YAML is JSON's friendlier cousin. It supports the same data model — objects, arrays, strings, numbers, booleans, null — but uses indentation instead of braces and brackets, which makes config files much easier to read at a glance. YAML is the standard format for Kubernetes manifests, Ansible playbooks, GitHub Actions workflows, and many CI/CD pipelines. Converting JSON to YAML lets you take a config file from an API and turn it into something a human can edit comfortably.

The converter uses js-yaml, the same library that powers Webpack, Eleventy, and most JavaScript-based YAML tooling. It preserves key order, handles nested objects and arrays correctly, and quotes strings only when necessary to preserve the original value (for example, the string yes would be quoted because YAML would otherwise parse it as a boolean).

YAML is a superset of JSON

Every valid JSON document is also a valid YAML document, because YAML supports JSON's brace-and-bracket syntax inline. The reverse is not true — YAML has many features that JSON does not have (anchors, aliases, multi-line strings, tags, multi-document files). This means converting from JSON to YAML is always safe, but converting from YAML to JSON can lose information if you used YAML-only features.

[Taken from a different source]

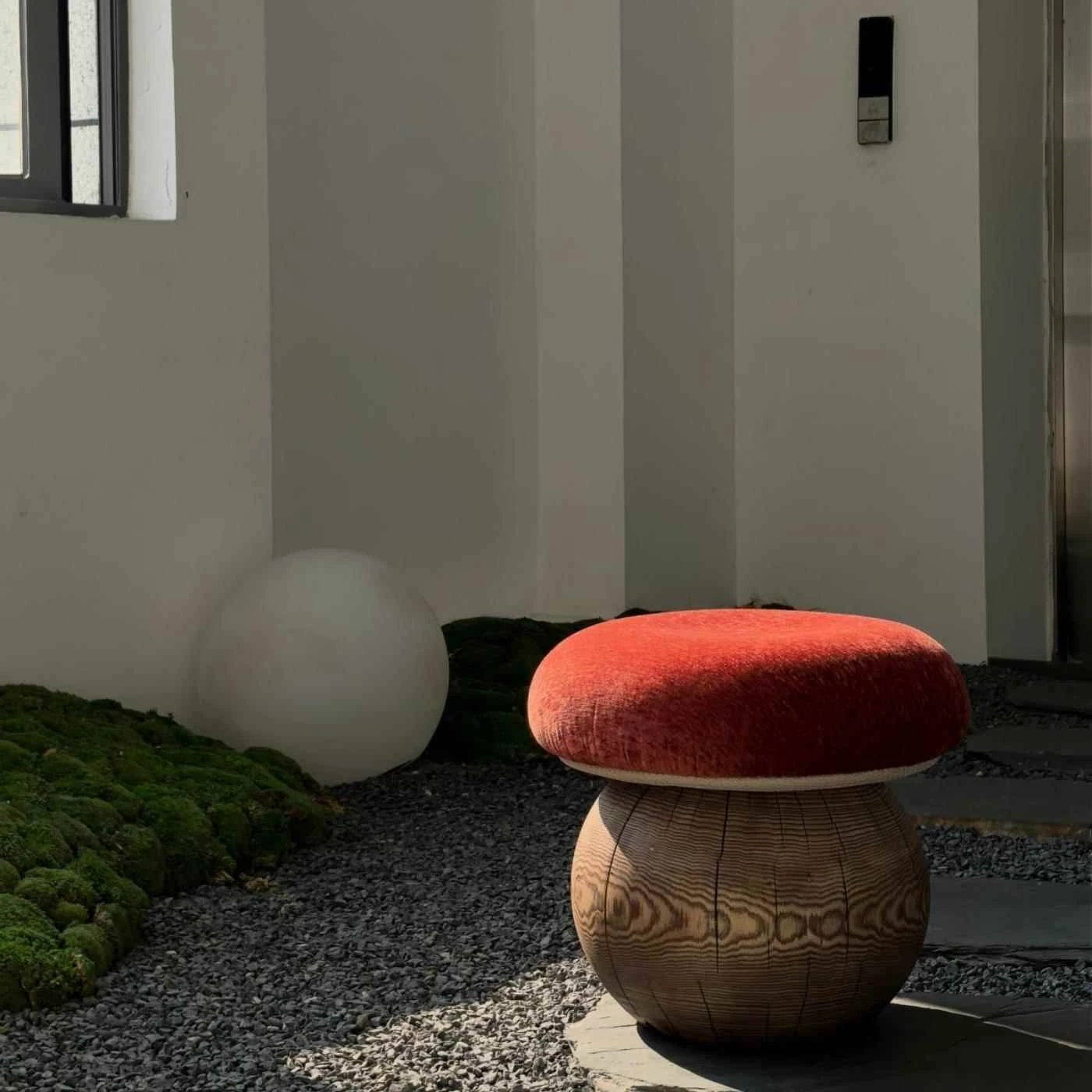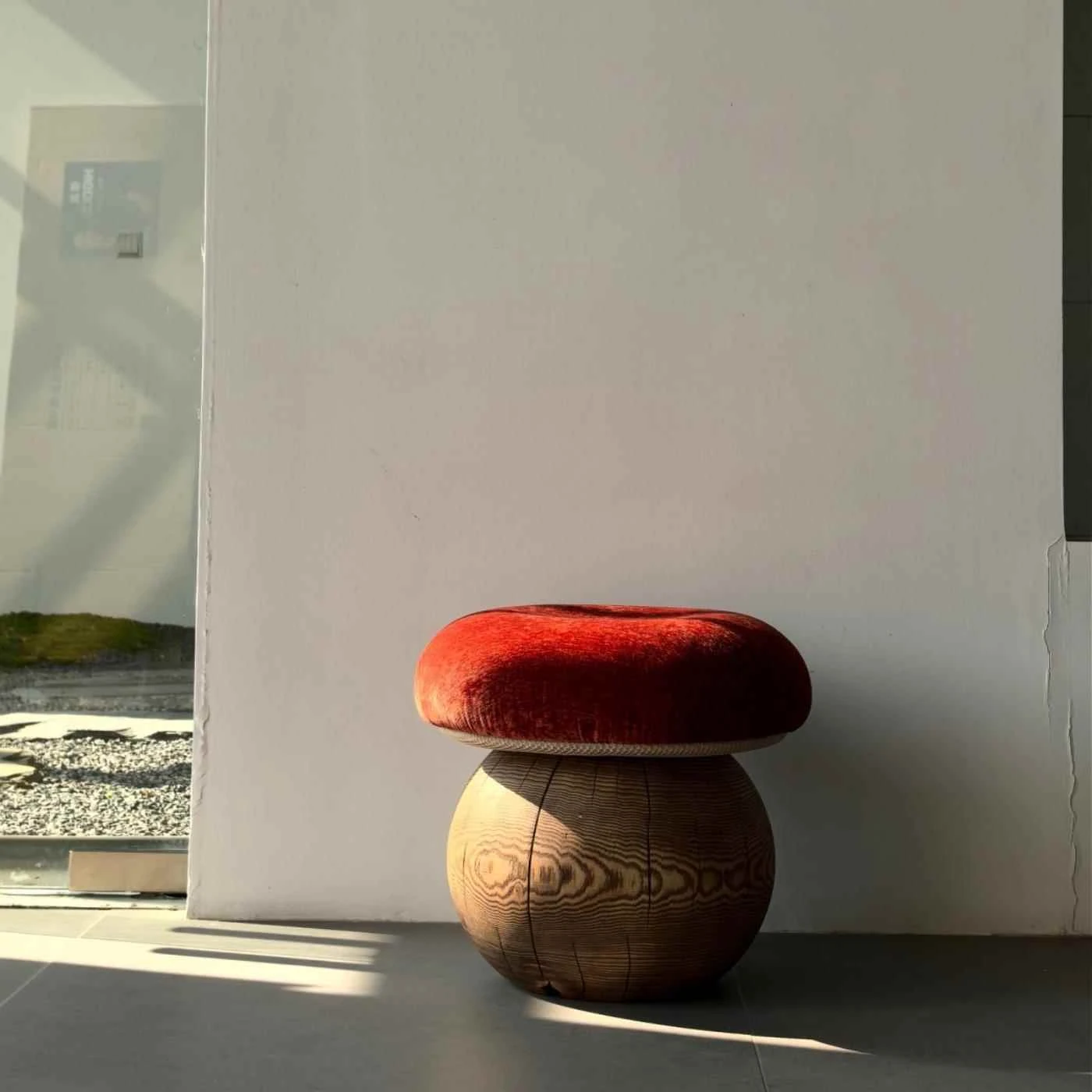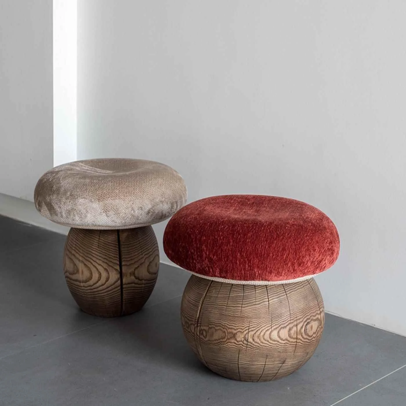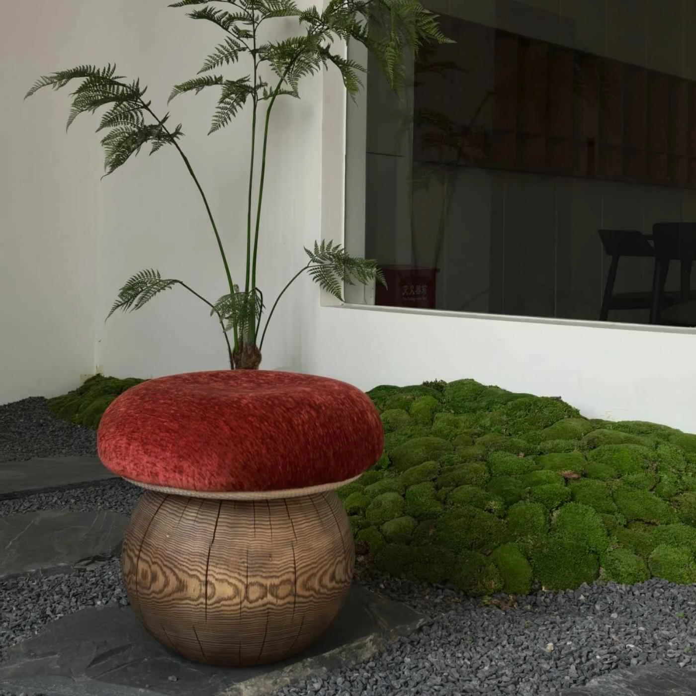 Wabi-Sabi Style Short Stool - Creative Mushroom Stool for Home, Living Room Sofa Side Table, Round Makeup Chair in Ash Wood - Perfect Addition to Your Décor!

When to use YAML, when to stick with JSON

Use YAML for human-authored config files. The indentation makes long files readable, and the comment syntax lets you explain non-obvious choices. Use JSON for machine-generated config and for any data that crosses a process boundary — JSON is faster to parse, has a smaller standard library surface, and does not have YAML's footguns (like the boolean-coercion rules that turn yes intotrue).

Indentation in YAML

YAML is strict about indentation. Two spaces per level is the universal convention — every YAML tool, every style guide, and every linter defaults to two spaces. Four spaces is supported but unusual. Tabs are forbidden by the spec for indentation, so Lintify does not expose that option. Pick two spaces unless you have a specific reason to pick four.

Frequently asked questions

Common questions about the JSON → YAML tool.

Is YAML a strict superset of JSON?
Practically yes. Every valid JSON document is also a valid YAML document, because YAML supports JSON's brace-and-bracket syntax inline. The reverse is not true — YAML has many features (anchors, multi-line strings, tags) that JSON does not have, so converting YAML back to JSON can lose information.
Why are some strings in my YAML quoted?
YAML has a long list of reserved words and special values that must be quoted to be interpreted as strings. For example, the string "yes" would be parsed as a boolean unless it is quoted. Lintify uses the js-yaml dumper, which quotes strings only when necessary to preserve the original value.
Can I control the indentation?
Yes. The default is two spaces per level, which matches the convention used by most YAML tooling. You can switch to four spaces if your team prefers it. Tabs are not allowed in YAML for indentation — the spec forbids them — so the option is not exposed.
Does the converter preserve key order?
Yes. js-yaml preserves the insertion order of keys, which matches the behavior of modern JavaScript engines. Your YAML will list keys in the same order as your JSON, which is important for diffs and for human-readable config files.
Why does my multi-line string look weird?
JSON does not have a native multi-line string type, so what you have is a single string with literal \n escape sequences. When converted to YAML, Lintify can either keep the value as a single quoted line with \n escapes or use YAML's block scalar syntax. The default keeps the single-line form for safety; use a YAML-aware editor to switch to block scalars if you prefer.